Each risk factor was examined in a separate logistic regression model with adjustment for maternal age, smoking and primiparity, all classified as in Table 2. Risk estimates are for those exposed to the risk factor relative to those who were in work at the relevant stage of pregnancy but unexposed.

To explore possible healthy worker effects, we repeated the analyses for women who were in work at 34 weeks gestation, comparing those who carried out an activity late in pregnancy with those who had not been exposed to the activity at any of 11, 19 or 34 weeks gestation.

This analysis confirmed the association between preterm delivery and sitting or standing with the trunk bent forward (OR 2.66, 95%CI 1.15 – 12.6). A relation between small head circumference and working more than 40 hours a week was again observed but did not quite reach statistical significance at the 5% level (OR 1.71, 95%CI 0.94-3.11).

DISCUSSION

Our findings suggest an increased risk of preterm delivery in women whose work entails trunk bending for >1 hour per day, especially after 34 weeks of gestation, and of low head circumference in women working >40 hours per week during pregnancy. However, in keeping with our earlier review, pre-term delivery showed little association with prolonged working hours, lifting, or standing, and the relative risk (RR) for shift work was similar to the previous pooled estimate of 1.20 to 1.262.

The present study had the advantage of a prospective design, with exposures assessed pre-delivery and outcomes ascertained objectively, with reasonable precision of measurement and blinded to occupational history. Relevant personal risk factors that could confound associations (such as smoking and maternal BMI) were ascertained before pregnancy and controlled for where relevant in subsequent analysis. Risk estimates were also presented separately for exposures in each trimester of pregnancy, whereas in our earlier review we rarely found reporting at this level of detail16-19. And finally, we studied some clinically important outcomes for which there is almost no occupational risk information (head and abdominal circumference), as well as at least one occupational exposure for which research on adverse pregnancy outcomes appears very sparse (trunk bending).

One limitation of our investigation was the reliance on self-reported exposures, with the possibility of either differential or non-differential measurement error. The former appears less likely, however, as exposures were ascertained before outcomes. The latter may be greater for exposures that are difficult to self-estimate, such as weights lifted or time spent standing, than for those that are simpler to judge (e.g. working hours, night shift working). However, non-differential measurement error is unlikely to explain the positive associations that we observed.

A second limitation was our capacity to assess exposures only by questions at the 34 week interview, without tracking job changes and their reasons. Healthy worker selection bias could arise if women with complications of pregnancy dropped out of work altogether, or changed the work they did, to avoid certain activities. The likely impact would be to obscure risks of work later in pregnancy, and once again such bias to the null would not explain the positive associations of pre-term delivery with truck bending. Similarly, the elevated risk of small head circumference, which was apparent in relation to prolonged working hours in each of the trimesters requires an alternative explanation.

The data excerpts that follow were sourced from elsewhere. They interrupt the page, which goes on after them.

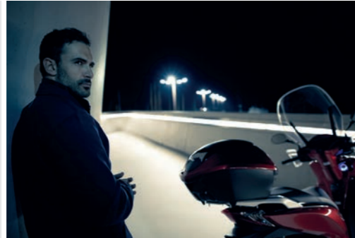
INNENTASCHE TOPCASE 35 LITER 08L09-MGS-D30

Schwarze Nylon tasche mit silberfarbenem Honda Logo auf der Vordertasche. Von 15 auf 25 Liter erweiterbar. Die Vordertasche bietet Platz für eine A4-Mappe. Wird mit verstellbarem Schultergurt und Tragegriffen geliefert.
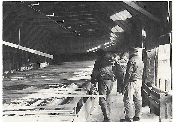
Sahatut laudat lajitellaan lajittelepöydällä vanhaan tapaan käsivoimin.
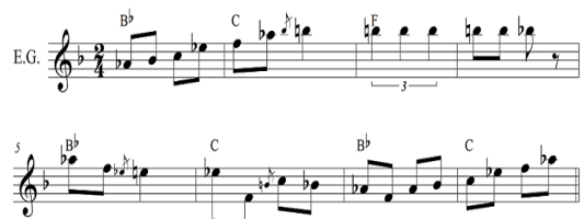
Fig. 3. <Atrás do Trio Elétrico>Electric Guitar 8 Bars

전자기타는 트로피칼리아에서 나타나는 록 음악의 대표적인 특징으로, 카에타누 벨로주는 퍼즈 이펙터(fuzz effector)를 자주 활용하였다. 퍼즈는 주로 기타에서 사용하는 드라이브 계열의 이펙터로 입력된 기타신호가 증폭된 다음 출력의 한계를 넘겨 찌그러진 소리를 만들어 내는 것이다. 이는 신디사이저(synthesizer)의 리드(lead)계열 소리와 비슷하고 대체로 금속성의 느낌이 나기 때문에 화음보다는 단선율에 적합하여 보통 솔로 연주 구간에서 사용된다[8].
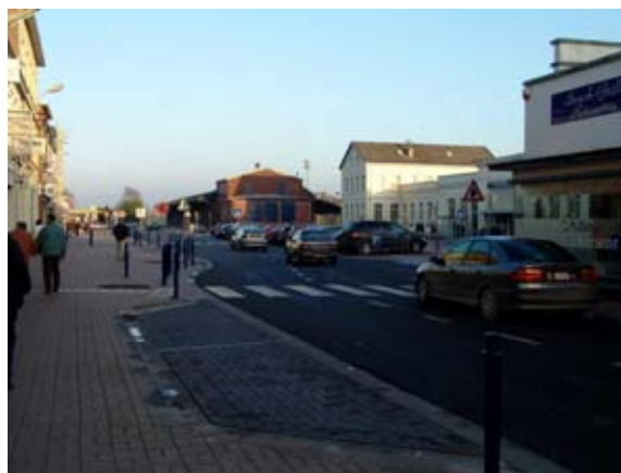
Élargissement des trottoirs du côté commerces. Changement de revêtement pour les parkings en voirie. Aménagement de chicanes en entrée et sortie de la place de la Gare pour ralentir le trafic.
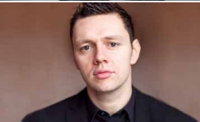
IGOR LEVIT SERGEI NAKARIAKOV CHRISTIAN FRIEDEL
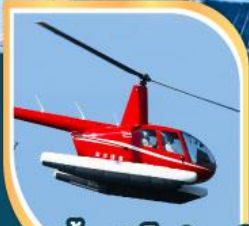
ขึ้นเฮลิคอปเตอร์ ชมวิว 360 องศา
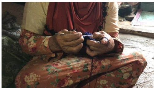
Figure 3. Proses pembuatan kerajinan rajut oleh anggota kelompok Kalintem Sabeungkeutan

Kegiatan kedua yang dilakukan kelompok Kalintem Sabeungkeutan adalah produksi kreasi kerajinan rajut. Inisiatif ini muncul dari pengakuan terhadap potensi keterampilan merajut yang dimiliki oleh beberapa perempuan di kelompok. Dua orang anggota yang sudah mahir dalam merajut berperan sebagai mentor, mengadakan pelatihan informal dan berbagi teknik dasar hingga lanjutan kepada anggota lain yang berminat. Produk-produk yang dihasilkan berupa taplak meja, tas, dan tempat tumbler. Ciri khas utama produk ini adalah pemilihan warna dominan hijau untuk mencerminkan identitas perkebunan teh Gambung. Pemilihan warna hijau sebagai warna yang dominan dipakai dalam produk rajut tidak terlepas dari kedekatan perempuan Kalintem dengan lingkungan perkebunan teh yang telah lama menjadi bagian dari kehidupan sehari-hari mereka. Sebagian besar anggota Kalintem Sabeungkeutan merupakan warga yang telah mentap di Gambung dalam waktu yang lama dan memiliki pengalaman hidup yang lekat dengan lanskap perkebunan. Sehingga warna hijau tidak hanya merepresentasikan tanaman teh secara visual, tetapi keterikatan mereka dengan lingkungan tempat tinggalnya, dan memberikan kesan perkebunan teh pada konsumen.
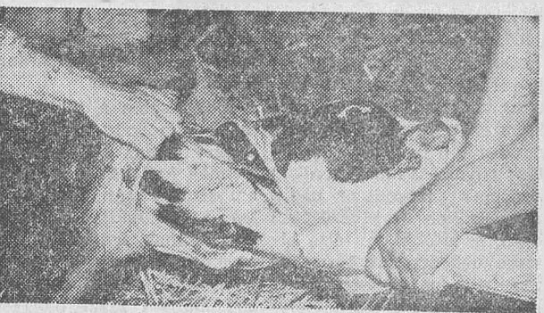
Túl a nehezen
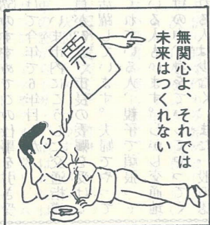
無関心よ、それでは未来はつけない

すでに市選管から交付をうけている「郵便投票証明書」を添えて、9月22日までに、投票用紙等を請求しなければ投票ができません。ご注意ください。
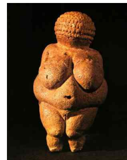
VENUS DE WILLWENDORF (20.000 a.C.) Como en todas las venus prehistóricas, en ésta figura se resaltan los atributos femeninos, especialmente el pecho y el vientre, lo que indica su alusión a la fecundidad o maternidad.

En 1940 dos investigadores franceses descubrieron que el arte rupestre hay composiciones cuidadosamente planificadas y cada animal no es un retrato si no un símbolo.
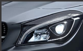
Phares LED hautes performance (632)
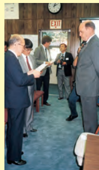
◀コロナ市長(左)にメッセージを伝える 交流親善訪問団
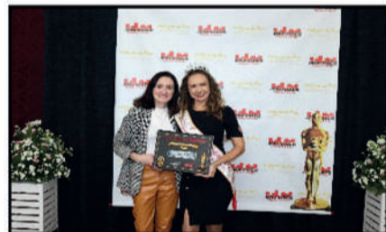
SANTA MODA - LOJA DE MODA MASCULINA DESTAQUE DO ANO
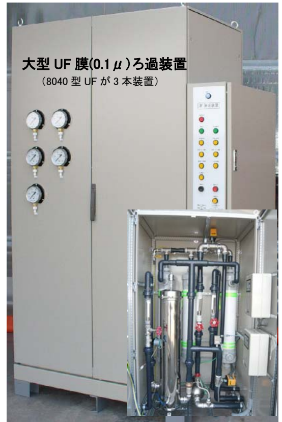
8 m 3 /Hr 用
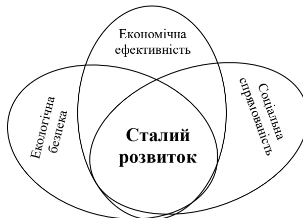
Рис. 1. Складові сталого розвитку

Сталим є розвиток, що задовольняє потреби сьогодення і водночас не перешкоджає майбутнім поколінням у задоволенні їх потреб [1]. Загалом сталий розвиток передбачає поєднання трьох аспектів, екологічного, соціального та економічного (Рис. 1), між якими необхідно досягти оптимального співвідношення.
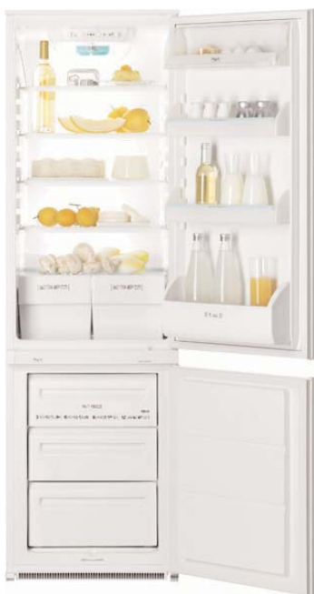
FI 22/10 2VA Frigocongelatore bimotore DAC system Capacità 290 litri Frigo a sbrinamento automatico Capacità congelatore 70 litri Capacità di congelazione 13 kg/24 h Pulsante per congelazione rapida 2 porte reversibili Classe energetica A
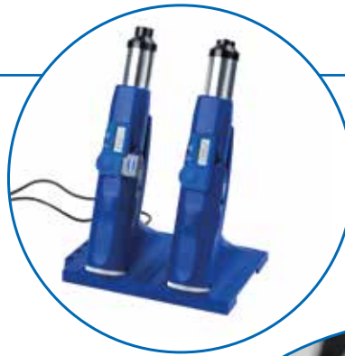
Modulare Ladestation für TD-Gauge+ MOTORIZED Modular charging station for TD-Gauge+ MOTORIZED
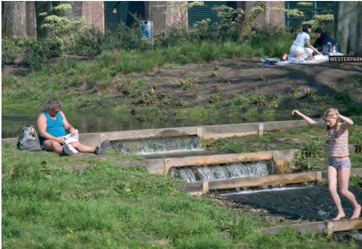
WESTERPARK | 22.04.07 | 16.42 UUR
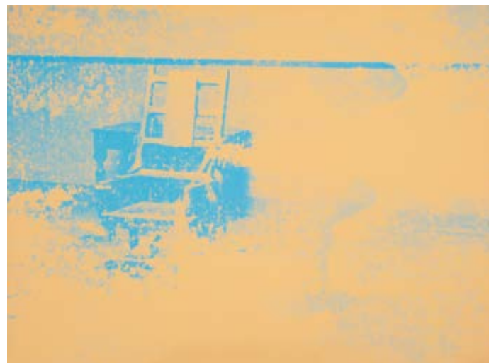
Andy Warhol, Sedia elettrica Courtesy Memmo Grilli © The Andy Warhol Foundation for the Visual Arts Inc. by SIAE 2018

Il fulcro della mostra è costituito da un nucleo di artisti "storici" che hanno declinato le tematiche della guerra in modi diversi, dalla propaganda bellico-futurista di Marinetti a De Chirico che con I gladiatori rilegge la violenza della guerra mondiale con il filtro di una classicità depurata ed eterna. Picasso con Jeux de pages torna a una riflessione sui disastri della guerra iniziata con Guernica .
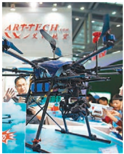
■價值180萬的無人機可飛至3000米高度。
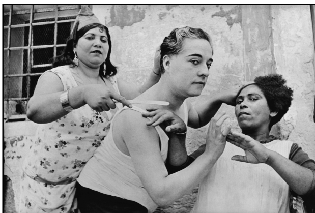
Alicante, Espagne, 1933
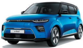
Bleu Neptune / Toit Noir Fusion (FB1)
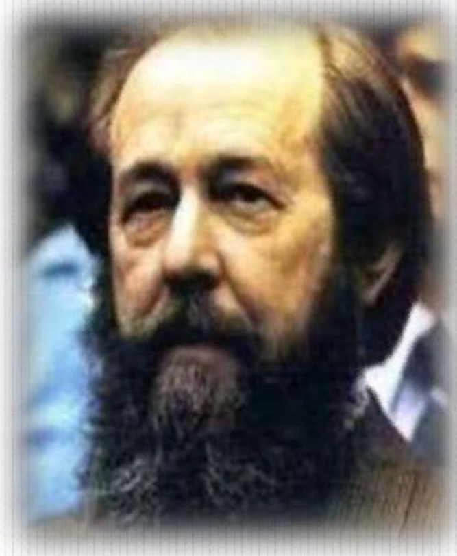
Александр Исаевич Солженицын (1918 – 2008 гг.)
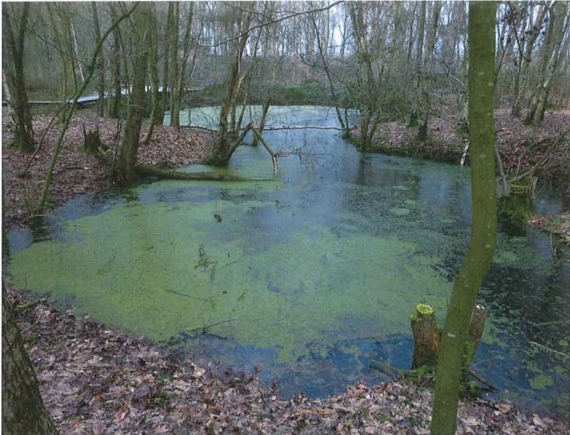
7. Krater C, ontstaan uit twee mijnontploffingen vanaf 22 oktober 1916, 17/01/2017

Of more concern in the context of healthy worker selection bias is the interpretation of null findings, such as the lack of association between standing and pre-term delivery. In the main analyses we compared women who were exposed to a given activity with those who were in work at the same stage of pregnancy but not exposed to that activity. To explore the impact of selection effects, we also conducted a sensitivity analysis comparing mothers who carried out an occupational activity at 34 weeks gestation with mothers who were in work at that stage but had not been exposed to the activity at any stage of pregnancy. The associations between trunk bending and preterm delivery and between working hours and low head circumference were little changed, suggesting that healthy worker selection did not have a strong influence on the findings. In principle, our comparison group (women in work at the same stage of pregnancy but unexposed to a given occupational activity) could have been exposed to other occupational activities that confer risk. If so, then the risk of pre-term delivery with trunk bending in late pregnancy would be underestimated. In practice, however, any bias is likely to be small given evidence from our previous systematic review2 and from the current analysis that the exposures in question are relatively weak risk factors.

A third limitation of our study concerns the power to detect associations in a relatively healthy cohort (outcome prevalences 3 to 10%) among whom exposures such as night shift work and lifting were reported by ≤10% of women. This meant that for some of the exposures investigated, 95%CIs were relatively wide. Thus, for example, although night shift work at 11 weeks of gestation was associated with a 14% increase in risk of pre-term delivery (5 exposed cases), the 95% confidence limits were compatible with a 57% protective effect or a near tripling of risks. Other exposures, such as standing or walking and trunk bending, were more common (24-45%), however, allowing risks to be estimated with greater precision.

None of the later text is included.